In the fourth quarter the Company recorded a non-cash special charge of $6.0 million, due to an asset impairment in the food distribution segment. The charge is composed of write downs of $5.5 million of leasehold improvements and $0.5 million of capital lease and fixtures and equipment.
Customer Transition
Today the Company announced that it will discontinue its supply relationship with a portion of a buying group serviced out of the Company’s distribution center in Lumberton, NC. “Unfortunately, some of the members of this cooperative buying group which is supplied by Nash Finch have decided to leave the group and in doing so will transition to another supplier” said Mr. Covington. While it is not known with certainty which members ultimately will leave the buying group, it appears as though it will result in a reduction of less than 3% of the Company’s annual revenue and EBITDA. It is anticipated that the transition of supply will be completed within the next 60 days.
*********************************************************
A conference call to review the fourth quarter and fiscal 2009 results is scheduled for 10 a.m.
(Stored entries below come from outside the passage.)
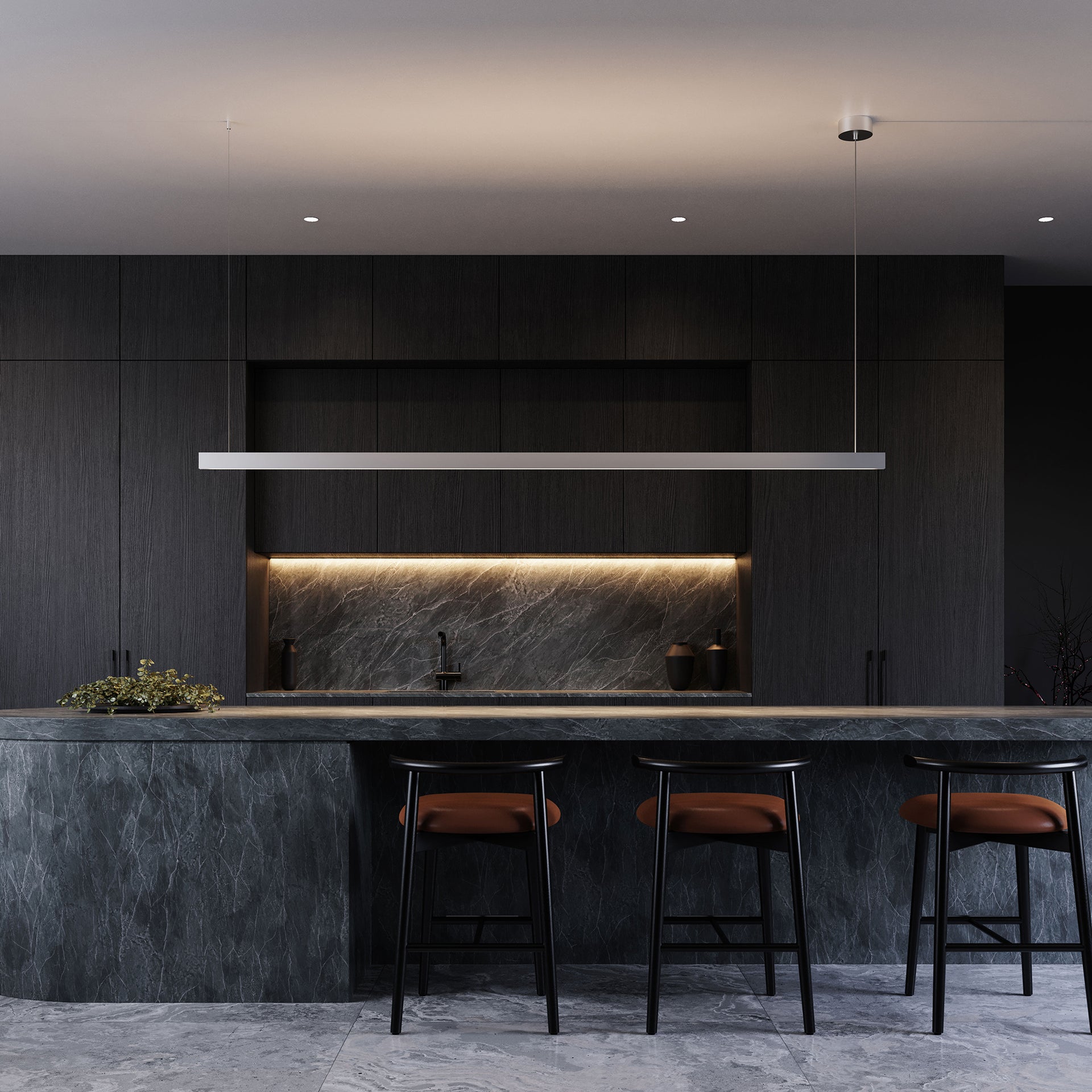 Referencing the industrial elegance of an H beam used in engineering and architecture, Lithe is designed to evenly distribute light in two directions. This sleek and minimal collection is ideal for any modern space, including residential, hospitality and commercial settings. The family includes pendants and wall lamps in textured black, textured white, and natural anodized finishes.
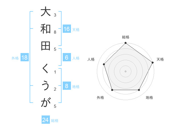 大和田 くうがさんの総格は24画の5点!
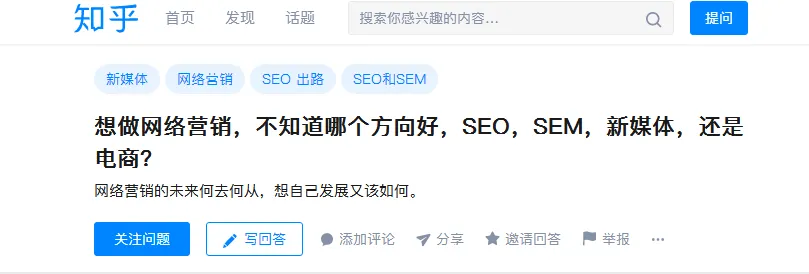 今天笔者在知乎上看到一个非常有意思的话题,有网友在知乎上提问:“想做网络营销,不知道哪个方向好,SEO,SEM,新媒体,还是电商?”这里笔者就来给大家唠唠网络营销应该朝哪个方向发展,SEO、SEM、新媒体还是电商?
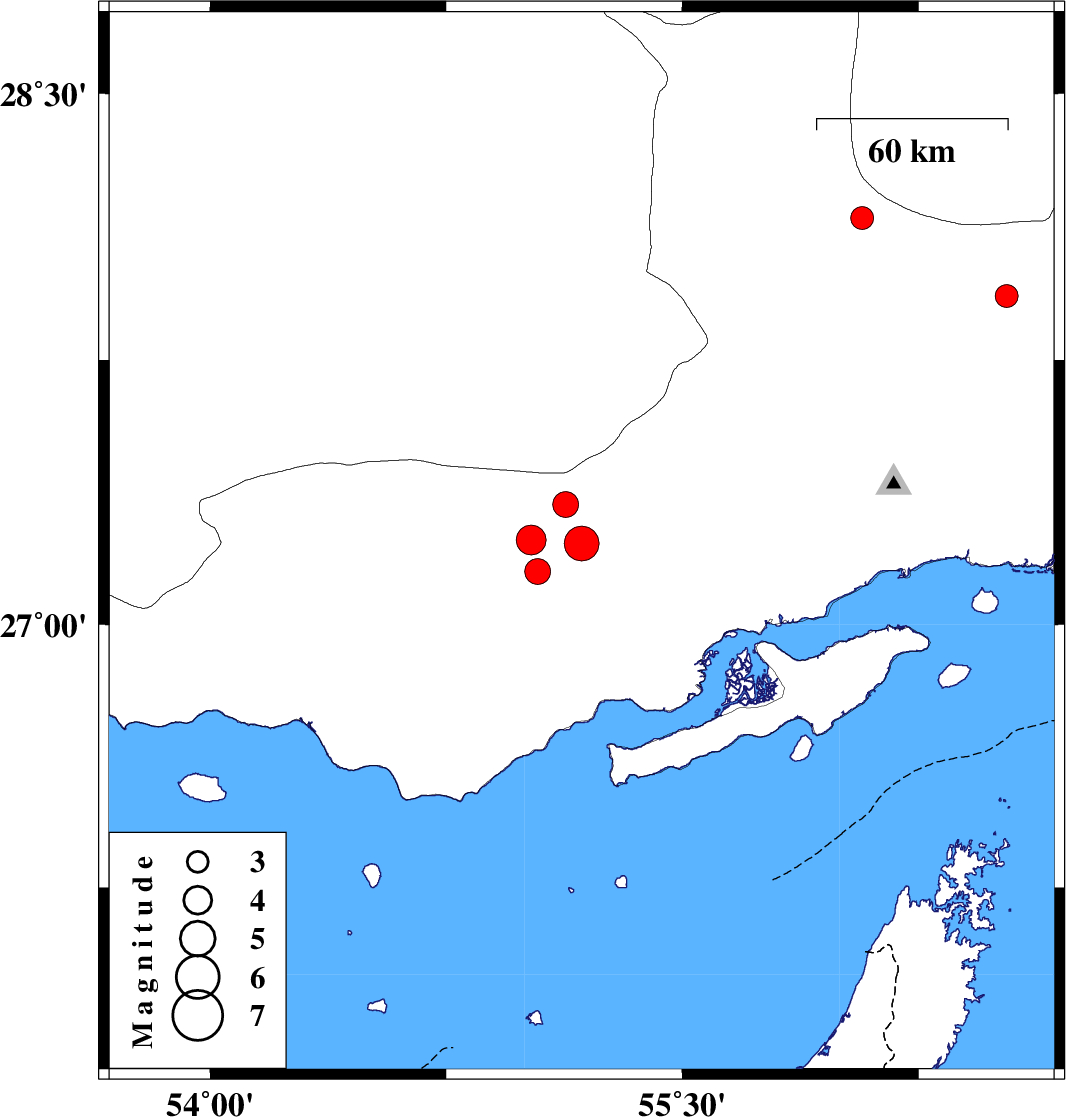 | 2013/06/07 | 19:06:14.2 | 23:36:14.2 | 28.15 | 56.07 | 14 | ML:3.2 | Hormozgan Province, 24 km South-East of Hajiabad |
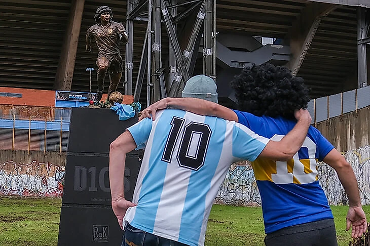 Этот памятник открыли городские власти, на открытие вместе с бывшими партнерами Диего по «Наполи» и президентом клуба Аурелио Де Лаурентисом приехали и несколько фанатов «Боки Хуниорс» из Аргентины!

CT (11 a.m. ET) on March 4, 2010. Interested participants can listen to the conference call over the Internet by logging onto the “Investor Relations” portion of Nash Finch’s website at http://www.nashfinch.com. A replay of the webcast will be available and the transcript of the call will be archived on the “Investor Relations” portion of Nash Finch’s website under the heading “Audio Archives.” A copy of this press release and the other financial and statistical information about the periods to be discussed in the conference call will be available at the time of the call on the “Investor Relations” portion of the Nash Finch website under the caption “Press Releases.”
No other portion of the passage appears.